Sekalipun pada perkembangan selanjutnya Batik Semarang tidak terlalu menonjol dalam percaturan dunia batik. Kini sebagai dampak positif dari peran media masa yang begitu gencar memberitakan tentang aktivitas berbagai sanggar dan komunitas yang memiliki kepedulian serta keprihatinan akan perkembangan batik sekarang ini, maka batik menjadi sebuah pilihan edukatif dan rekreatif bagi sebagian kalangan masyarakat.

Demikian pula dengan animo masyarakat Semarang yang kembali mencoba untuk menggali potensi dan jatidirinya melalui media batik. Dari kreatifitas para pemerhati batik di Semarang maka lahirlah beberapa motif baru yang mencerminkan karakter dari kota Semarang tersebut.

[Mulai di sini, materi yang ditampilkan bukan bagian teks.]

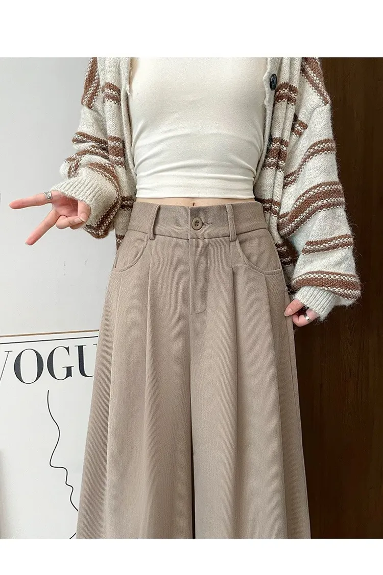 暖冬燈心絨高腰直筒西裝褲-L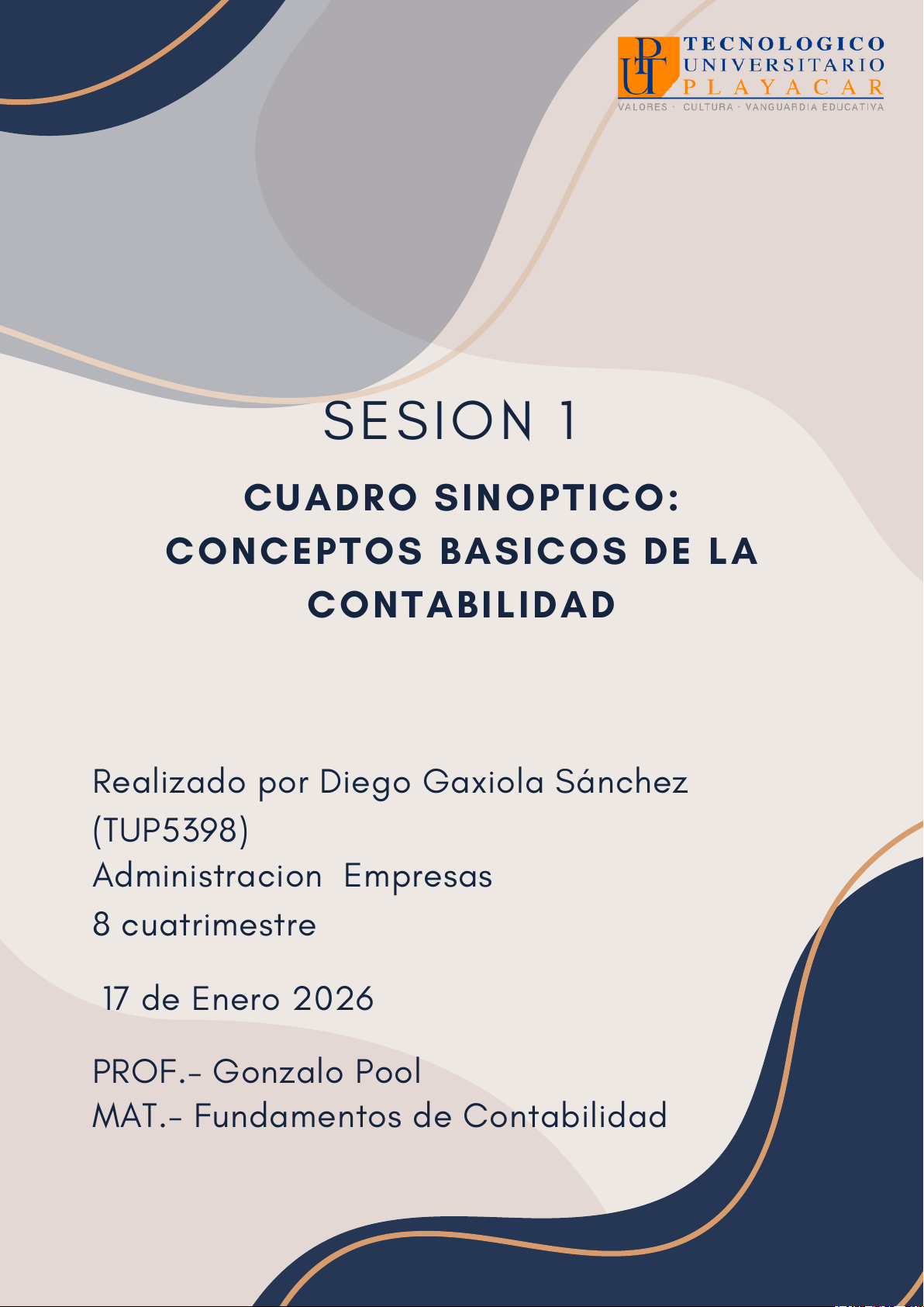 CUADRO SINOPTICO: CONCEPTOS BASICOS DE LA CONTABILIDAD SESION 1 Realizado por Diego Gaxiola Sánchez (TUP5398) PROF.- Gonzalo Pool MAT.- Fundamentos de Contabilidad Administracion Empresas 8 cuatrimestre 17 de Enero 2026 CONCEPTOS BÁSICOS Y FUNDAMENTOS DE LA CONTABILIDAD Conceptos Básicos Fines de la Contabilidad Código de Ética Profesional Definición: Técnica para registrar, clasificar y resumir las operaciones financieras de una entidad. Activo: Recursos y bienes que posee la empresa (lo que tiene). Pasivo: Deudas y obligaciones con terceros (lo que debe). Informativo: Conocer la situación financiera y los resultados de operación. Control: Vigilar los recursos y obligaciones para evitar fugas o errores. Toma de Decisiones: Proveer datos exactos para planear el futuro del negocio. Integridad: Ser honesto y transparente en todos los juicios profesionales. Objetividad: No permitir prejuicios o conflictos de interés. Confidencialidad: Respetar la privacidad de la información del cliente. Legal: Dictada por códigos de comercio y leyes mercantiles. Fiscal: Requisito indispensable para el pago de impuestos y cumplimiento tributario. Financiera: Necesaria para obtener créditos bancarios o atraer inversionistas. Normativa (NIF / NIFF) NIF (Locales): Normas de Información Financiera que regulan la elaboración de estados financieros. NIIF (Internacionales): Estándares globales para la transparencia y comparabilidad internacional. Postulados Básicos: Sustancia económica, entidad económica, devengación contable, entre otros. Capital/Patrimonio: Inversión de los dueños más utilidades (lo que queda). Ingresos: Entradas de recursos por ventas o servicios. Gastos: Salidas de recursos para la operación del negocio. Legal: Servir como prueba ante autoridades y terceros. Competencia: Mantener el conocimiento actualizado para dar un servicio de calidad. Obligatoriedad
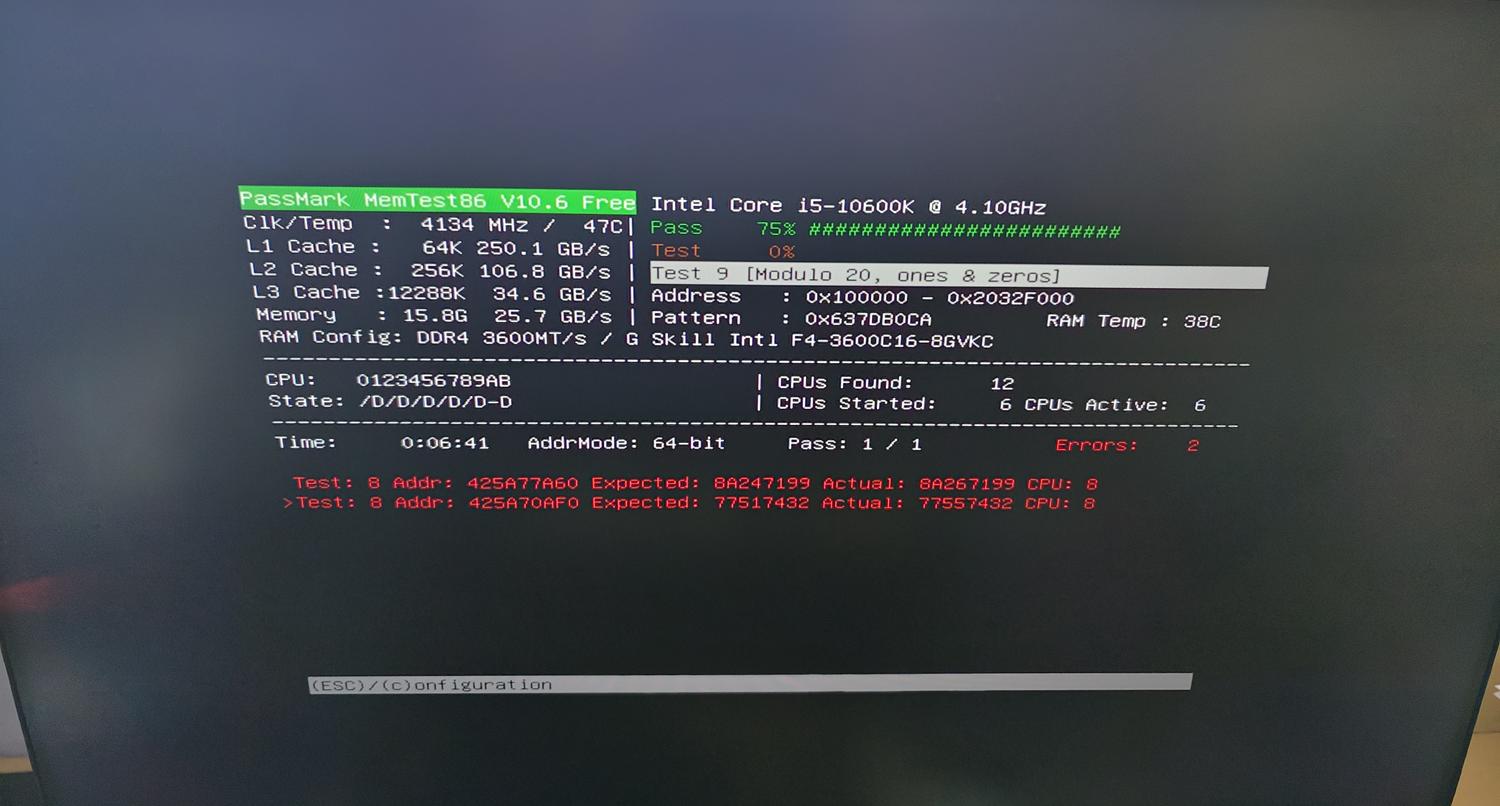 Przy pamięciach RAM warto puścić z bootowalnego pendrive program MemTest86 (powyżej zdjęcie z błędami). Jeśli po trzech przejściach programu nie będzie błędów to oznacza, że pamięci działają prawidłowo. Jeśli jakieś się pojawią i test się nie uda może to oznaczać problem z kościami, procesorem lub płytą główną. Mało osób też wie, że Windows ma wbudowane swoje narzędzie. Wystarczy wykorzystać skrót Windows + R i wpisać mdsched. Potem klikamy uruchom ponownie teraz i sprawdź występowanie problemów. Wybieramy potem test standardowy, pamięć podręczną domyślą liczbę przejść 3 i program sprawdzi nam działanie pamięci.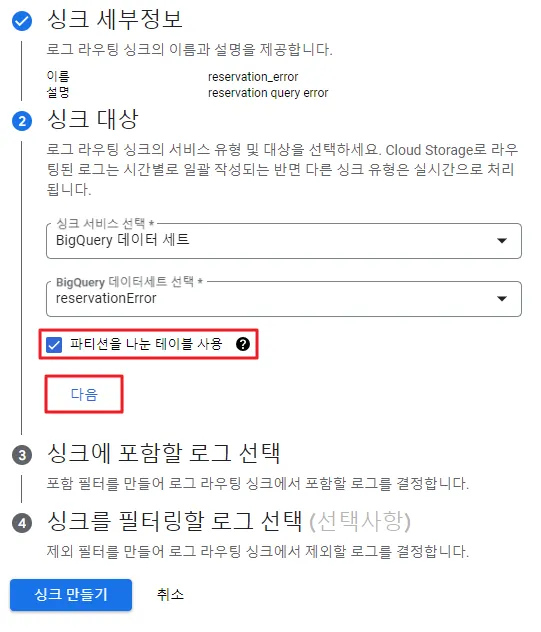 (6) 싱크 대상을 ‘BigQuery 데이터 세트’로 선택하고, 로그를 저장하기 위해 미리 만들어둔 데이터 세트를 선택합니다. ‘파티션을 나눈 테이블 사용’ 옵션을 사용 설정하면 날짜별로 내부 파티션을 나눈 테이블에 로그가 저장되어 쿼리 성능을 높일 수 있습니다. 설정 후 ‘다음’ 버튼을 클릭합니다.

Salah satunya adalah  motif yang dinamakan Cheng Ho Neng Klenteng. Tergambar seorang panglima Cina dengan latar belakang Klenteng yang menjadi lambang dari kehadiran budaya Cina di Semarang. Penerimaan akan kehadiran sesuatu yang asing, justru menciptakan akulturasi budaya yang harmonis.


MONUMEN TUGU MUDA

 Merupakan tugu yang berpenampang segi lima. Terdiri dari bagian yaitu landasan, badan dan kepala. Pasa sisi landasan tugu terdapat relief. Keseluruhan tugu dibuat dari batu. Untuk memperkuat kesan tugunya, dibuat kolam hias dan taman pada sekeliling tugu. Bangunan yang berada disekitar tugumuda adalah lawang sewu, Kantor BDNI, bakal Rumah Dinas Gubernur Jateng, Museum Manggala Bakti dan Katedral.

Bermula dari ide untuk mendirikan monumen yang memperingati peristiwa Pertempuran Lima hari di Semarang. Pada tanggal 28 Oktober 1945, Gubbernur Jawa Twngah, Mr. WWongsonegoro meletakkaan batu pertama pada lokasi yang direncanakan semula yaitu didekat Alun-alun. Namun karena pada bulan Nopember 1945 meletus perang melawan Sekutu dan Jepang, proyek ini menjadi terbengkalai. Kemudian tahun 1949, oleh Badan Koordinasi Pemuda Indonesia (BKPI), diprakarsai ide pembangunan tugu kembali, namun karena kesulitan dana, ide ini jugaa belum terlaksana. Tahun 1951, Walikota Semarang, Hadi Soebeno Sosro Wedoyo, membentuk Panitia Tugu Muda, dengan rencana pembangunan tidak lagi pada lokasi alun-alun, tetapi pada lokasi sekarang ini. Desain tugu dikerjakan oleh Salim, sedangkan relief pada tugu dikerjakan oleh seniman Hendro. Batu yang digunakan antara lain didatangkan dari kaliuang dan Paker. Tanggal 10 Nopember 1951, diletakkan batu pertama oleh Gubernur Jateng Boediono dan pada tanggal 20 Mei 1953, bertepatan dengan Hari Kebangkitan Nasional, Tugu Muda diresmikaan oleh Soekarno, Presiden Republik Indonesia. Hingga sekarang, cukup banyak perubahan yang telah dilakukan terhadap arca di sekitar tugu muda, antatra lain pembuatan taman dan kolam.